Getting Google Scholar to crawl the site

argeifontesfunes · Setembro 19, 2024, 9:20pm

My repository has only registers in which the main document is a PDF file. I have not been able to get Google Scholar to crawl the site. I have seen a two years-old topic on this ( [Tainacan metadata in the head], but I do not understand the procedures. Is there some configuration that could help me get Google Scholar to recognize the site?

Best regards,

Pedro

mateus.m.luna · Setembro 20, 2024, 2:14pm

Hi @argeifontesfunes!

To be honest, I’m not aware of the process behind Google Scholar indexing.

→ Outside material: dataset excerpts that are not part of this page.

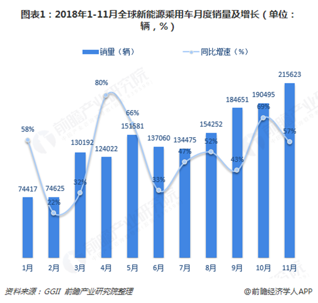 中國新能源乘用車市場最大 目前,全球各國雖然在新能源汽車研發(fā)側(cè)重點不同,但都制定了較為明確的發(fā)展路線,并且有相對完善的研發(fā)、推廣體系和一系列政府政策支持。正因此,全球新能源汽車行業(yè)保持快速發(fā)展態(tài)勢。 根據(jù)GGII數(shù)據(jù),2018年1-11月,全球新能源乘用車月度銷量增速均在20%以上。其中,2018年...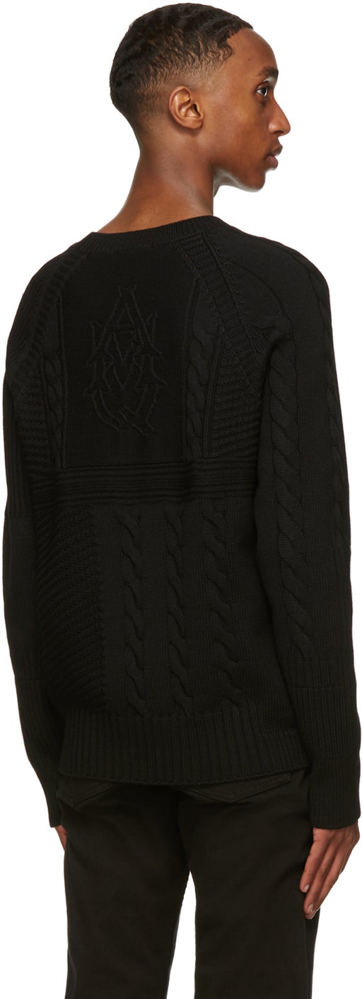 Long sleeve cable knit wool-blend sweater in black. Rib knit crewneck collar, cuffs, and hem. Logo embroidered in red at front. Supplier color: Black/Red 49% acrylic, 49% wool, 2% polyester. Brand: Alexander McQueen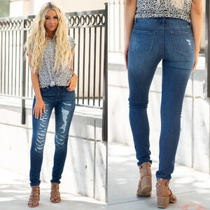 KanCan Medium Wash Blue Distressed Ripped Mid Rise Skinny Jeans Size 26/5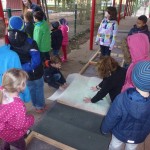 Drei Tage lang tauchten die Babenhäuser Kinder in die Welt der Sinne ein. Beim Barfußpfad beeinflusste die kühle Witterung allerdings das Treiben. So wollte Sinja ihre unbekleideten Füße dann doch nicht allzu lange in den Sand stecken: Der Grund liegt in einer anderen Sinneserfahrung: „Im Urlaub am Strand ist der Sand immer viel, viel heißer“, sagt sie.“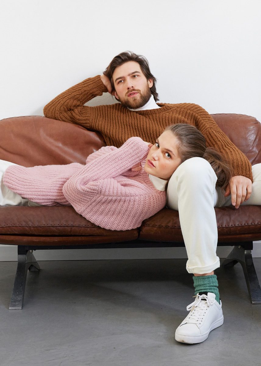 Mal Zartrosa, mal Braun – unterschiedliche Farbtöne inszenieren den zeitlosen Halbpatent-Pulli immer wieder neu. Seine Einheitsgröße wirkt bei Männern leger und bei Frauen schön oversized.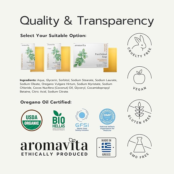 - NATURAL PROTECTION AND RELIEF – Aromavita Oil of Oregano Soap Bar is a powerful natural ally for your skin. Its high content of Greek Oregano Oil is known for its properties on the skin, as it helps destroy harmful microscopic entities that remain hidden and invisible to the human sight, and soothe irritated skin. Its natural glycerine also helps balance the natural skin moisture barrier.
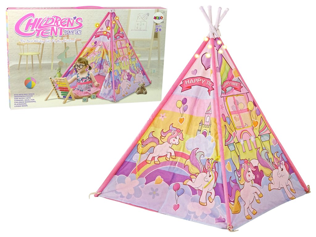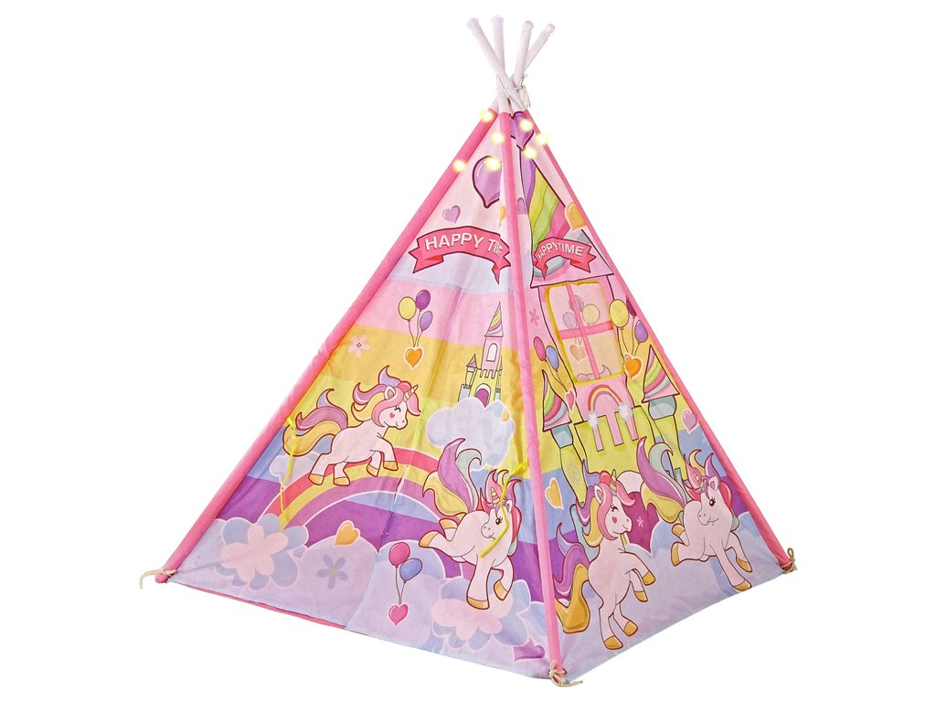 Představujeme dětský stan se svítícími efekty a potiskem s jednorožci. Ve stanu pro princezny si bude vaše dítě moci hrát, ale také odpočívat. Konstrukce obsahuje otevírací dveře, okno se síťovinou a světílka, která dodají kouzlo při večerní zábavě.Sada obsahuje:

I’m not 100% sure if it actually has it’s own indexing or if it is only a fraction of Google’s search, filtered by well known and dedicated publishing platforms.

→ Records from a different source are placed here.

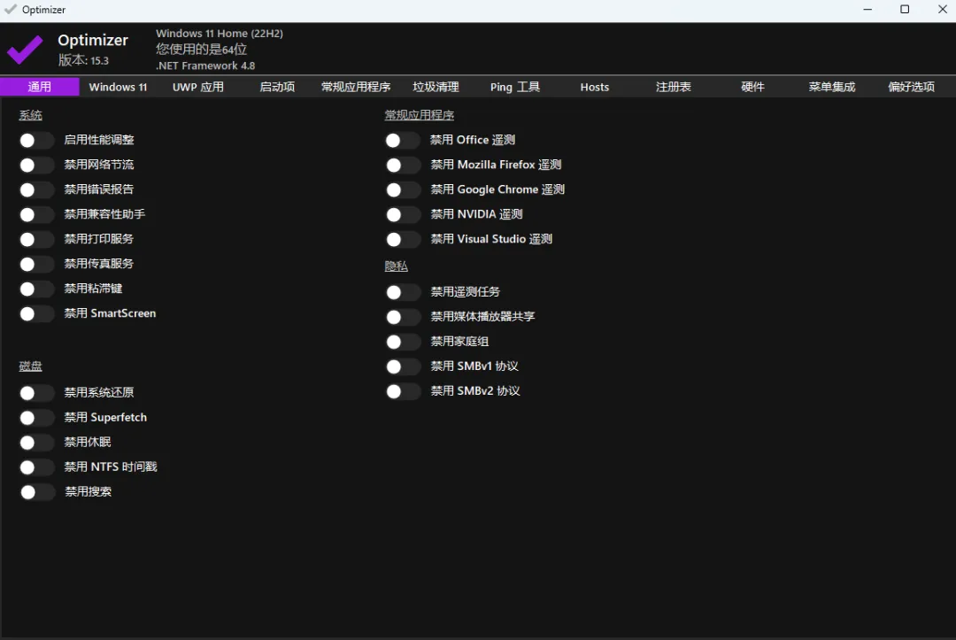 软件体积仅2.13MB,但功能却极其丰富,诸如系统管理、磁盘管理、隐私、Win11管理、启动项管理、垃圾清理、Ping工具、Hosts、注册表、硬件等常用功能均是一应俱全。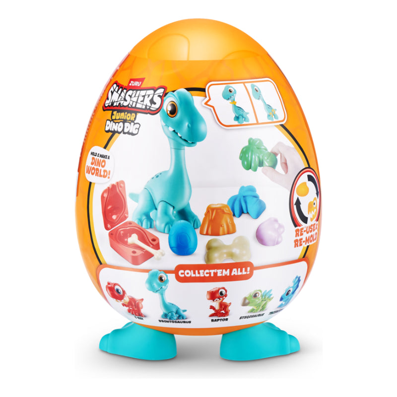 Cada huevo de excavación de dinosaurios de Smasher Junior incluye un dinosaurio para construir. ¡Descubre el T-Rex y el Brontosaurio para crear el mundo de excavación de dinosaurios definitivo!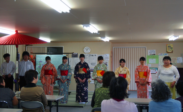 8月20日、宮古市実田の仮設住宅内の集会所で、被災者の方々においしいお茶とお菓子をふるまって元気になってもらおうと、同校茶道部によるお茶会が催されました。「自分たちにもできることを何かしたい」という部員一人ひとりの想いが、今回の活動を立ち上げました。

In any case, Tainacan does some practices such as adding default <meta tags to items page that can help improve indexing, and using proper heading tags, but you should also follow other practices to improve your SEO, which some plugins can be of aid.

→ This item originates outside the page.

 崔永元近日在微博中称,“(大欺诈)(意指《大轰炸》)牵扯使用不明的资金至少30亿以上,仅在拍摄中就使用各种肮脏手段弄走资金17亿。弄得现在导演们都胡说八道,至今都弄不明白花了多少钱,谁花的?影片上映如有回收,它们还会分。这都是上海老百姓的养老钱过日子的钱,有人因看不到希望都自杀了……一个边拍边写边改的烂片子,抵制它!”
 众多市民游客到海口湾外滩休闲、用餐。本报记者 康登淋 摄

But there are also things that we could do in Tainacan to improve this. Doing some research I found about the Dublin Core meta tags, which we could possibly add as well to Collections that have this mapping set. This is not high in our priority list so far but should be feasible and I’m interested in exploring it ahead. I’ve opened an issue for it:

github.com/tainacan/tainacan

Add dublin core meta information when collection is mapped.

opened 01:27PM - 20 Sep 24 UTC

mateuswetah

[Goal] Interoperability [Effort] Level 2 🤓

In [`add_social_meta()`](https://github.com/tainacan/tainacan/blob/bad21acdffdda…e647fe31c6314ff610ba83254a5/src/classes/theme-helper/class-tainacan-theme-helper.php#L818), we add common html `<meta>` tags to describe an item. In case a collection has it's Dublin Core mapper applied, I believe we should do the same with attributes such as `DC.creator`, `DC.title`, etc.

argeifontesfunes · Setembro 23, 2024, 12:15pm

Thank you, Mateus. We are looking into the problem of adding the required meta tags so that Google Scholar recognize the items for its indexing. Getting the Dublin Core meta tags in the head would be an ideal solution for us.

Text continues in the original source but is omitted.